2.2.2 Realitas Sosial Bentukan Konstruksi Sosial

  Berger dan Luckmann memulai penjelasan realitas sosial dengan memisahkan pemahaman “kenyataan” dan “pengetahuan”. Realitas diartikan sebagai kualitas yang terdapat di dalam realitas-realitas, yang diakui memiliki keberadaan (being) yang tidak bergantung kepada kehendak kita sendiri. Sedangkan pengetahuan didefinisikan sebagai kepastian bahwa realitas-realitas itu nyata (real) dan memiliki karakteristik yang spesifik. Selanjutnya, mereka mengatakan bahwa institusi masyarakat tercipta dan dipertahankan atau diubah melalui tindakan dan interaksi manusia. Meskipun masyarakat dan institusi sosial terlihat nyata secara objektif, namun pada kenyataannya semuanya dibangun dalam definisi subjektif melalui proses interaksi. Objektivitas baru bisa terjadi melalui penegasan berulang-ulang yang diberikan oleh orang lain yang memiliki definisi subjektif yang sama. Pada tingkat generalitas yang paling tinggi, manusia menciptakan dunia dalam makna simbolis yang universal, bentuk-bentuk sosial serta memberi makna pada berbagai bidang kehidupannya. Pendek kata, Berger dan Luckmann mengatakan terjadi dialektika antara individu menciptakan masyarakat dan masyarakat menciptakan individu (Bungin, 2008:191).

  Menurut Berger dan Luckmann proses dialektika yang terjadi dalam masyarakat seperti yang sudah penulis jelaskan di atas berlangsung dalam tiga momen simultan. Pertama, eksternalisasi (penyesuaian diri) dengan dunia sosiokultural sebagai produk manusia. Kedua, objektivasi yaitu interaksi sosial yang terjadi dalam dunia intersubjektif yang dilembagakan atau mengalami proses institusionalisasi. Ketiga , internalisasi yaitu proses yang mana individu mengidentifikasikan dirinya dengan lembaga-lembaga sosial tempat individu menjadi anggotanya (Bungin, 2008:193).

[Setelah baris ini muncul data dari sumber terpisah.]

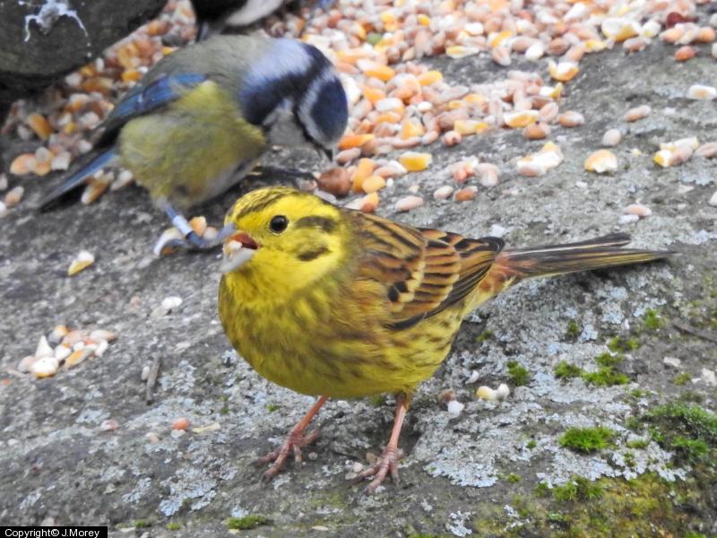 Yellowhammer - 10 - Together in a small flock ; Yellowhammer - 10 - another photo ; Great Spotted Woodpecker - 1 ; Coal Tit - 6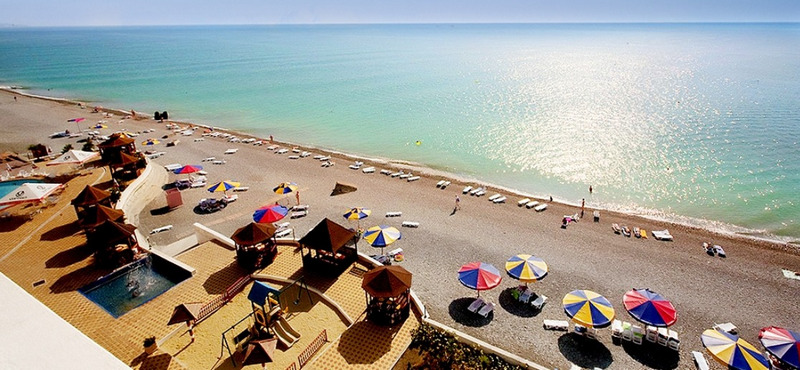 Пляж представляет собой галечную полосу протяженностью 150 метров. Здесь созданы все условия: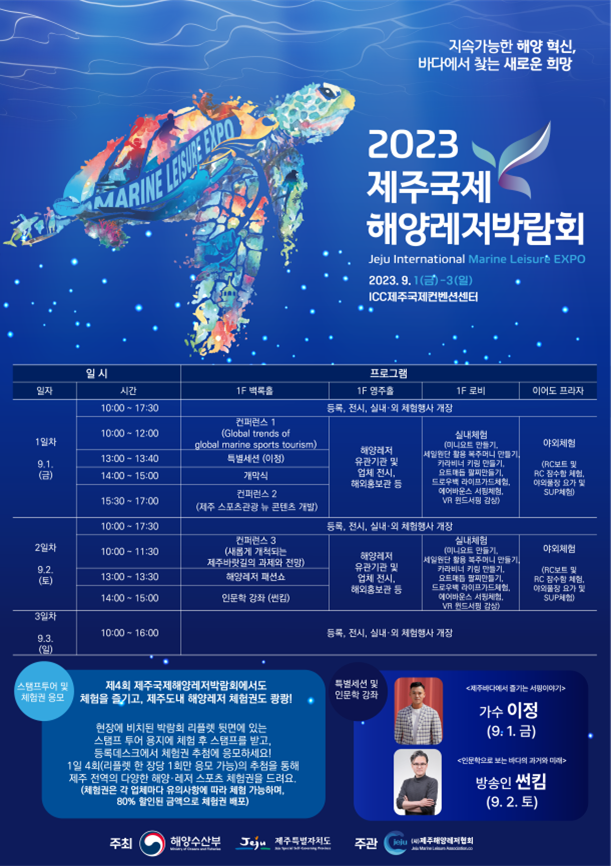 해양수산부(장관 조승환)와 제주특별자치도(도지사 오영훈)가 공동 주최하는 ‘제4회 제주국제해양레저박람회’가 9월 1일(금)부터 9월 3일(일)까지 3일간 제주국제컨벤션센터와 제주도 일원에서 열린다.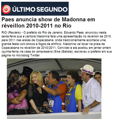 Ah! Só para citar mais um caso, esse misturando Cabral com seu “pupilo” Eduardo Paes. O prefeito com Cabral ao lado, naquele célebre e triste papelão feito pelo governador, completamente embriagado no Sambódromo, confirmou que estava tudo certo e Madonna seria a grande atração do próximo reveillon em Copacabana. Chegou a dizer: “O reveillon com Madonna, como prefeito, posso garantir que está certo”. Bem, não sei onde Madonna estará no reveillon. Só sei que não vai se apresentar no reveillon do Rio.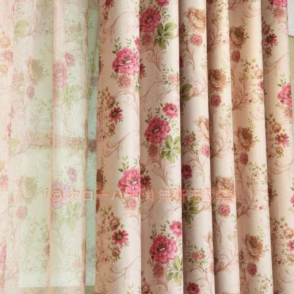 ■オーダー カーテン おしゃれ 北欧 バラ 柄 リビング クローバー株式会社 プリント 飾り 花柄 かわいい 遮光 ドレープ 片開き1枚 両開き2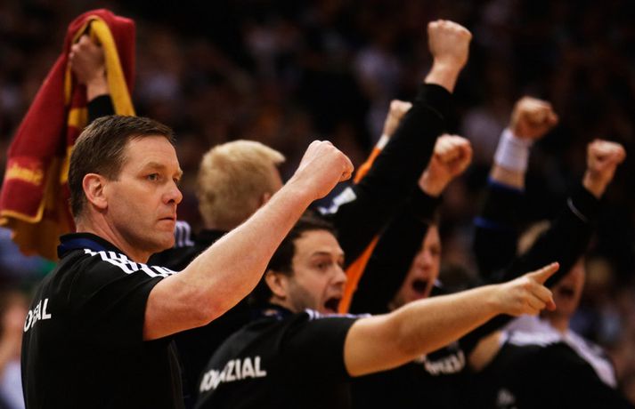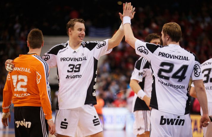 Alfreð, Aron og Guðjón Valur þýskir meistarar með Kiel Óskar Ófeigur Jónsson skrifar 14. maí 2013 19:41 Mynd/Nordic Photos/Bongarts Kiel tryggði sér í kvöld þýska meistaratitilinn í handbolta eftir sannfærandi sex marka sigur á heimavelli á móti Guðmundi Guðmundssyni og lærisveinum hans í Rhein-Neckar Löwen, 31-25. Kiel er með fimm stiga forskot á Löwen sem er í 2. sætinu en Löwen-liðið á aðeins tvo leiki eftir og getur því ekki náð Kiel. Það var ekki að sjá að þarna væru tvö efstu lið deildarinnar að mætast. Guðjón Valur Sigurðsson skoraði 3 mörk í leiknum og Aron Pálmarsson skoraði tvö mörk. Guðjón Valur varð í kvöld þýskur meistari í fyrsta sinn á ferlinum en Aron var að vinna titilinn í þriðja sinn. Stefán Rafn Sigurmannsson skoraði tvö mörk fyrir Löwen en Alexander Petersson komst ekki á blað. Kiel hefur unnið 27 af 31 leik sínum á leiktíðinni og þetta var sjötti deildarsigur liðsins í röð. Kiel vann einnig þýska bikarinn og er komið í úrslit í Meistaradeildinni. Það stefnir því í enn eitt frábært tímabil hjá Alfreð Gíslasyni og lærisveinum hans. Alfreð var búinn að kveikja vel í sínum mönnum því Kiel gaf tóninn strax í byrjun og komst í 3-0 á fyrstu sex mínútunum. Kiel fór illa með Löwen-liðið allan hálfleikinn og bauð upp á kennslustund í handbolta. Kiel náði mest ellefu marka forskot í seinni hálfeik en Rhein-Neckar Löwen lagaði stöðuna á lokakaflanum. Aron Pálmarsson skoraði fyrsta mark leiksins en Guðjón Valur Sigurðsson var með þrjú mörk í fyrri hálfleiknum sem Kiel vann 15-7. Aron bætti einu marki við í seinni hálfleik en þá fékk Guðjón Valur ekkert að spila. Marko Vujin var markahæstur hjá Kiel með sex mörk. Kiel er að vinna titilinn annað árið og í fjórða sinn undir stjórn Alfreðs sem tók við liðinu sumarið 2008. Kiel hefur alls orðið þýskur meistari 18 sinnum þar af fimmtán sinnum frá árinu 1994. Mest lesið Besta sætið um Ómar: Væri búið að heyrast eitthvað ef þetta væri Aron eða Óli Handbolti „Ég er að fara aftur til Svíþjóðar“ Handbolti Össur gagnrýndi fýlulegar og miskunnarlausar spurningar Loga Handbolti Sjáðu myndirnar: Beygðir en ekki brotnir á bóndadegi Handbolti Sonur Wayne Rooney spilaði á Old Trafford Enski boltinn Náðu loksins Ólympíufaranum á lista FBI yfir hættulegustu glæpamennina Sport „Börnin mín fengu mig til að hætta með reiðiköstin“ Fótbolti Jói Berg vill draga úr auglýsingaflóðinu í kringum handboltann Handbolti Skýrsla Vals: Ekki aftur Handbolti Vill umræðu um sniðgöngu HM vegna Trump Fótbolti Fleiri fréttir Anton og Jónas dæma mikilvægan leik hjá Alfreð Jói Berg vill draga úr auglýsingaflóðinu í kringum handboltann Besta sætið um Ómar: Væri búið að heyrast eitthvað ef þetta væri Aron eða Óli Sjáðu myndirnar: Beygðir en ekki brotnir á bóndadegi Svíar voru fljótir að snúa við blaðinu í seinni hálfleik „Ég er að fara aftur til Svíþjóðar“ Skýrsla Vals: Ekki aftur Össur gagnrýndi fýlulegar og miskunnarlausar spurningar Loga Ungverjar með magnaða endurkomu en hvorugt náði Íslandi að stigum EM í dag: Ísland fer alltaf Krýsuvíkurleiðina „Náðum ekki að hjálpa markvörðunum okkar nóg“ „Þeir spila hægan bolta og reyna að svæfa mann“ „Þetta er klárlega högg“ Aron Kristjáns tapaði líka með minnsta mun Einkunnir Strákanna okkar á móti Króatíu: Basl á Bóndadaginn „Fannst við stýra leiknum vel og láta þetta fara í okkar átt“ „Tveggja ára barn að labba við sundlaugarbakkann og enginn gerði neitt“ Tölurnar á móti Króatíu: 15-1 fyrir Króata í mörkum með langskotum „Þurfum við ekki að fá fleiri varða bolta?“ Botna ekkert í Snorra: „Við erum teknir í bólinu“ Þorsteinn inn en Andri og Elvar fyrir utan Myndir: Fjölskyldustemning í Fan Zone Elvar úr leik í átta vikur: „Hans verður sárt saknað“ Líkur Íslands á verðlaunum hafa snaraukist „Hann gæti gert fullt af sóknum léttari“ Ómar segist eiga meira inni Svona var EM-Pallborðið: Allt sem þarf að vita fyrir stórleikinn í dag Uppgjörið: Ísland - Króatía 29-30 | Aftur súrt tap gegn Króötunum hans Dags „Ef ég hitti Dag þá mun ég knúsa hann“ „Virkar eins og maður sé að væla“ Sjá meira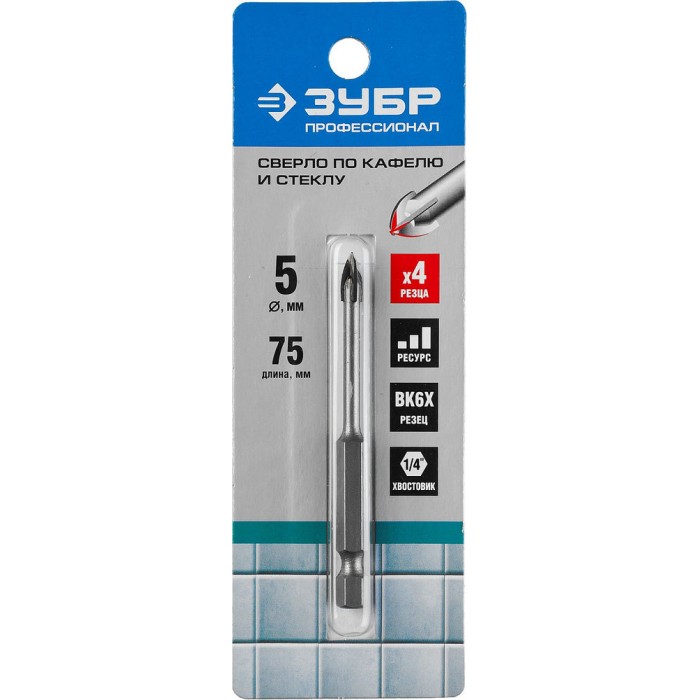 Сверло по стеклу и кафелю 5 мм, 4-х кромка, HEX 1/4 ЗУБР Профессионал 29845-05_z01

  Eksternalisasi adalah bagian penting dalam kehidupan individu dan menjadi bagian dari dunia sosiokulturalnya. Dengan kata lain, eksternalisasi terjadi pada tahap yang sangat mendasar, dalam satu pola interaksi antara individu dengan produk- produk sosial masyarakatnya. Maksud dari proses ini adalah ketika sebuah produk sosial telah menjadi bagian penting dalam kehidupan seseorang untuk melihat dunia luar. Menurut Berger dan Lukcmann yang perlu ditekankan bahwa eksternalisasi itu sebuah keharusan antropologis yang berakar dalam perlengkapan biologis manusia. Keberadaan manusia tak mungkin berlangsung dalam suatu lingkungan interioritas yang tertutup dan tanpa gerak. Manusia harus terus-menerus mengeksternalisasikan dirinya dalam aktivitas. Dengan demikian, tahap eksternalisasi ini berlangsung ketika produk sosial tercipta di dalam masyarakat, kemudian individu mengeksternalisasikan (penyesuaian diri) ke dalam dunia sosiokulturalnya sebagai bagian dari produk manusia (Bungin, 2008:194).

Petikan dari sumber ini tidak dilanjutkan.